▶ What is required
Keep the images out while you retype all of the data exactly.

▶ Given data
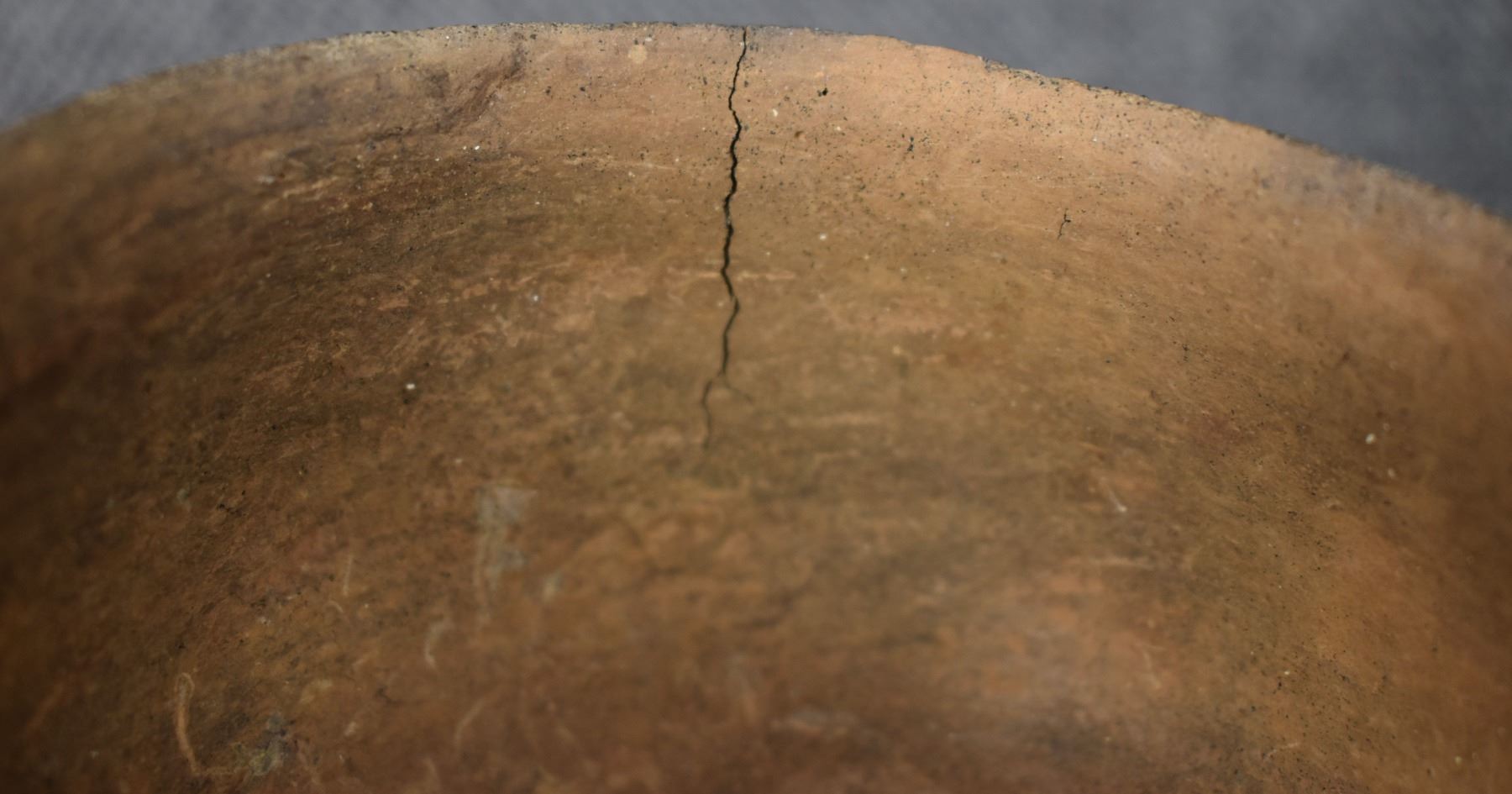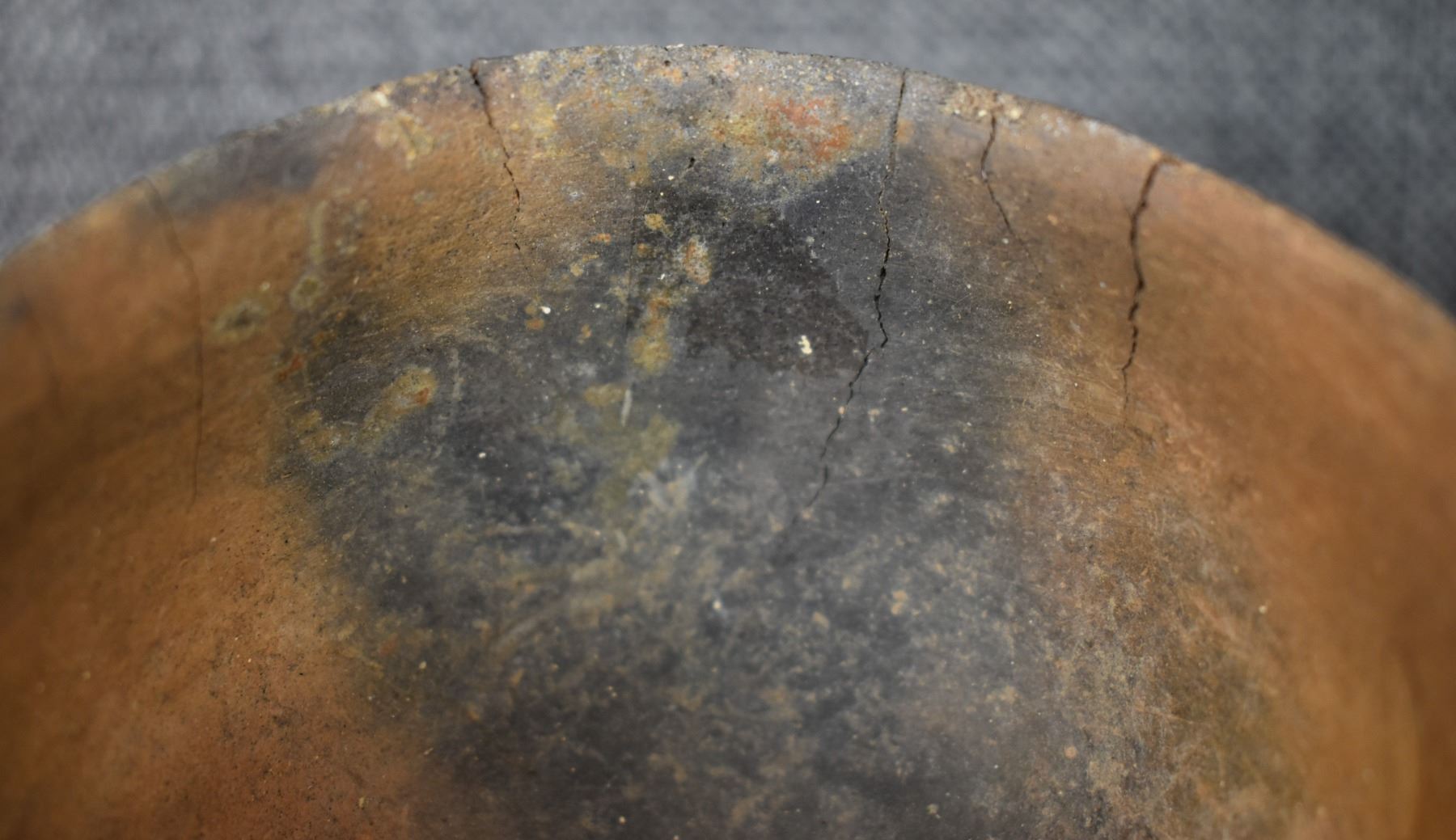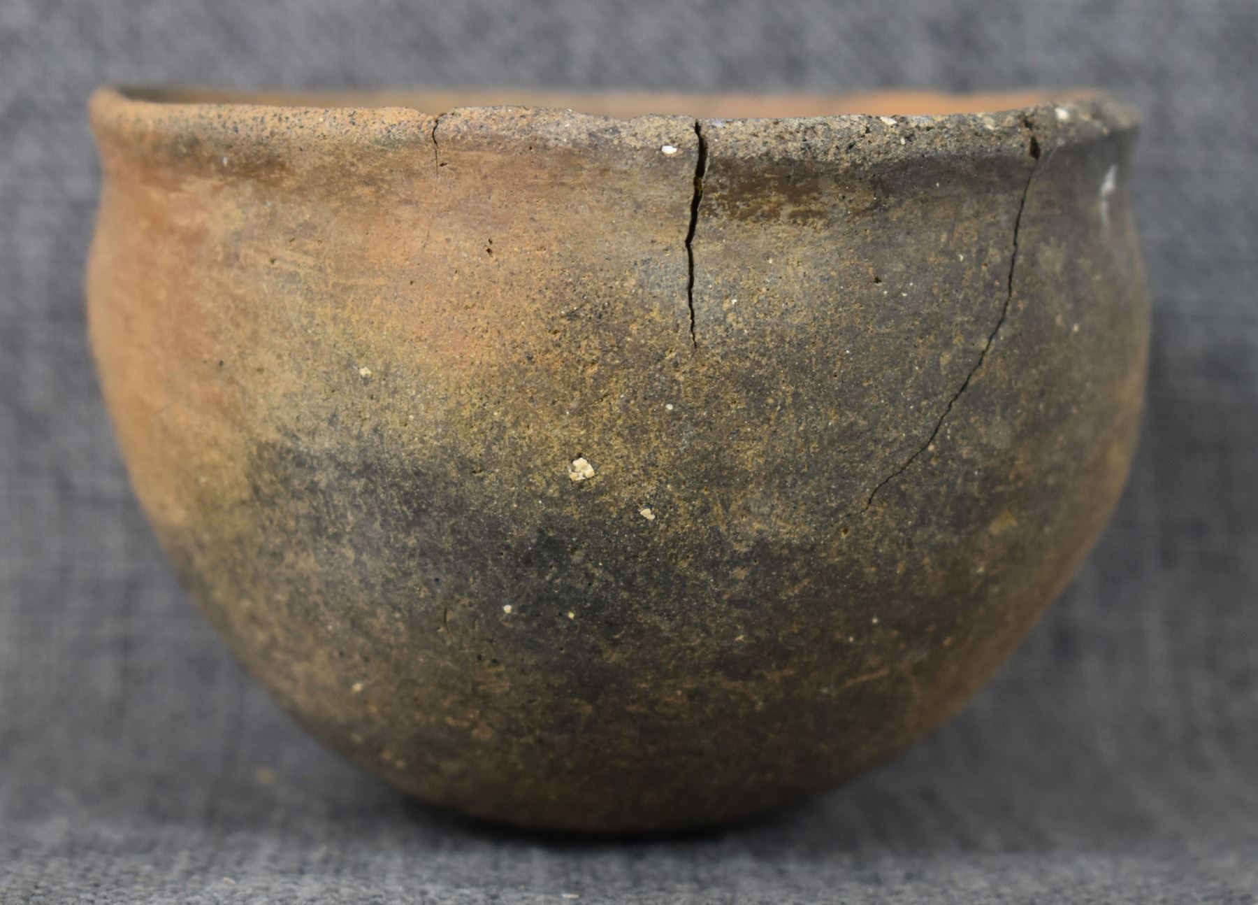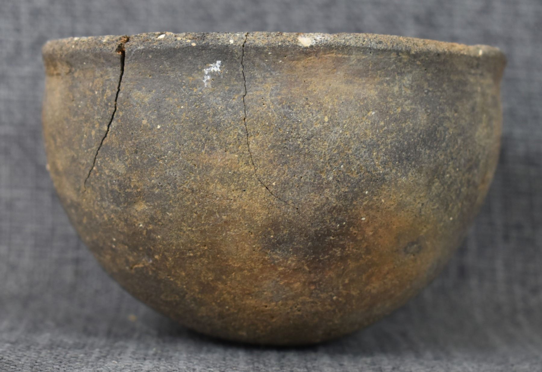 prehistoric Salado, hand coiled plain ware, 3" x 4" as found has cracks
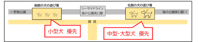 ※より安全にご利用いただくため、令和5年7月10日から、犬の体格差で2か所の施設を使い分けることといたしました。他の利用がない場合等には混在でもご利用いただけますが、引き続きマナーを守り、譲り合ってご利用ください。
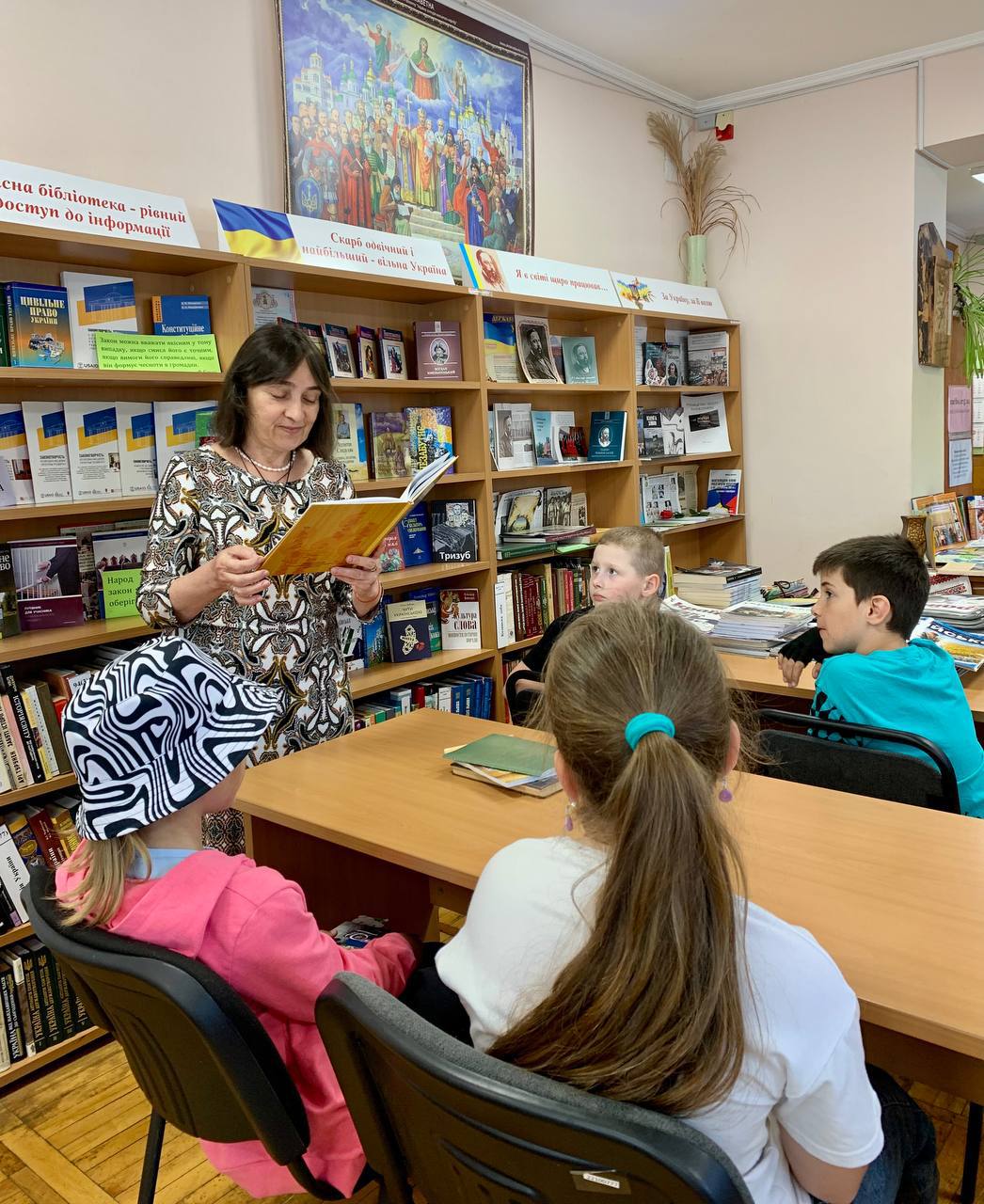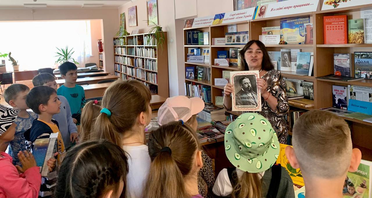 Директор бібліотеки Жанна Кручиніна представила школярикам постаті Павла Чубинського, творця Державного Гімну України; Вʼячеслава Чорновола, імʼя якого носить бібліотека; Сергія Жигалка, бориспільця, письменника, журналіста, якого було репресовано і розстріляно комуністичним режимом 1938 року.
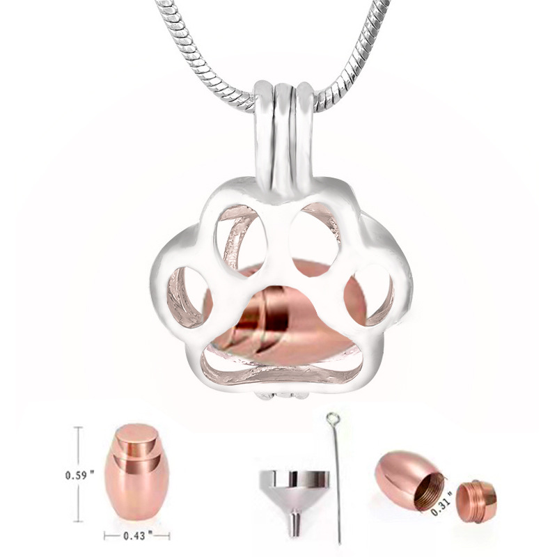 With新型チタン鋼透かし彫り犬爪形骨灰缶ペンダント香水瓶ネックレス記念ペット骨灰箱
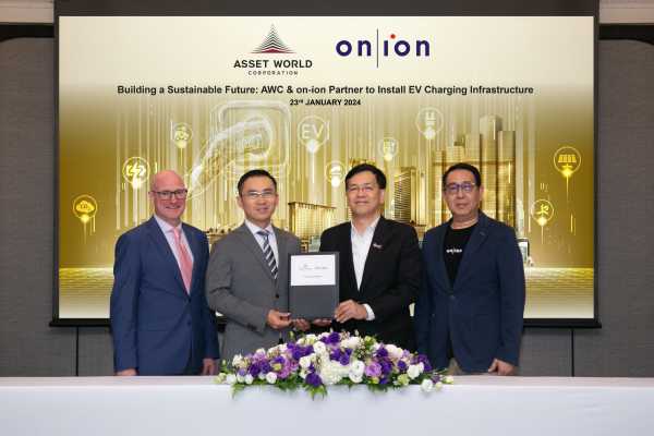 วัลลภา ไตรโสรัส ประธานเจ้าหน้าที่บริหารและกรรมการผู้จัดการใหญ่ บริษัท แอสเสท เวิรด์ คอร์ป จำกัด (มหาชน) หรือ AWC ผู้พัฒนาโครงการอสังหาริมทรัพย์ อาคารสำนักงาน, โรงแรม, ค้าปลีก กล่าวว่า AWC ร่วมกับบริษัท อรุณ พลัส จำกัด ในกลุ่ม ปตท. ลงนามความร่วมมือเปิดสถานีชาร์จรถยนต์ไฟฟ้า (EV Charging Station) ภายใต้แบรนด์ on-ion (ออน-ไอออน) ในโครงการอสังหาริมทรัพย์เครือ AWC ทั้งหมด 17 โครงการ รวมกว่า 50 หัวชาร์จภายในปีนี้ ครอบคลุมหัวเมืองท่องเที่ยวใหญ่
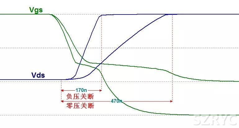 由上面的分析可以看出米勒平臺是有害的,造成開啟延時,不能快速進入可變電阻區(qū),導致?lián)p耗嚴重,但是這個效應(yīng)又是無法避免的。
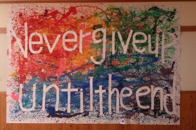 受験に向けた「三者面談」が終わり、3年生の受験目標が明確になりました。この時期、3年生の教室に向かう廊下には生徒会がメッセージを作成して掲示します。今年のメッセージは「 Never give up.  Until the End 」です。

▶ Response to this exercise
 prehistoric Salado, hand coiled plain ware, 3" x 4" as found has cracks
 ※より安全にご利用いただくため、令和5年7月10日から、犬の体格差で2か所の施設を使い分けることといたしました。他の利用がない場合等には混在でもご利用いただけますが、引き続きマナーを守り、譲り合ってご利用ください。
 Директор бібліотеки Жанна Кручиніна представила школярикам постаті Павла Чубинського, творця Державного Гімну України; Вʼячеслава Чорновола, імʼя якого носить бібліотека; Сергія Жигалка, бориспільця, письменника, журналіста, якого було репресовано і розстріляно комуністичним режимом 1938 року.
 With新型チタン鋼透かし彫り犬爪形骨灰缶ペンダント香水瓶ネックレス記念ペット骨灰箱
 วัลลภา ไตรโสรัส ประธานเจ้าหน้าที่บริหารและกรรมการผู้จัดการใหญ่ บริษัท แอสเสท เวิรด์ คอร์ป จำกัด (มหาชน) หรือ AWC ผู้พัฒนาโครงการอสังหาริมทรัพย์ อาคารสำนักงาน, โรงแรม, ค้าปลีก กล่าวว่า AWC ร่วมกับบริษัท อรุณ พลัส จำกัด ในกลุ่ม ปตท. ลงนามความร่วมมือเปิดสถานีชาร์จรถยนต์ไฟฟ้า (EV Charging Station) ภายใต้แบรนด์ on-ion (ออน-ไอออน) ในโครงการอสังหาริมทรัพย์เครือ AWC ทั้งหมด 17 โครงการ รวมกว่า 50 หัวชาร์จภายในปีนี้ ครอบคลุมหัวเมืองท่องเที่ยวใหญ่
 由上面的分析可以看出米勒平臺是有害的,造成開啟延時,不能快速進入可變電阻區(qū),導致?lián)p耗嚴重,但是這個效應(yīng)又是無法避免的。
 受験に向けた「三者面談」が終わり、3年生の受験目標が明確になりました。この時期、3年生の教室に向かう廊下には生徒会がメッセージを作成して掲示します。今年のメッセージは「 Never give up.  Until the End 」です。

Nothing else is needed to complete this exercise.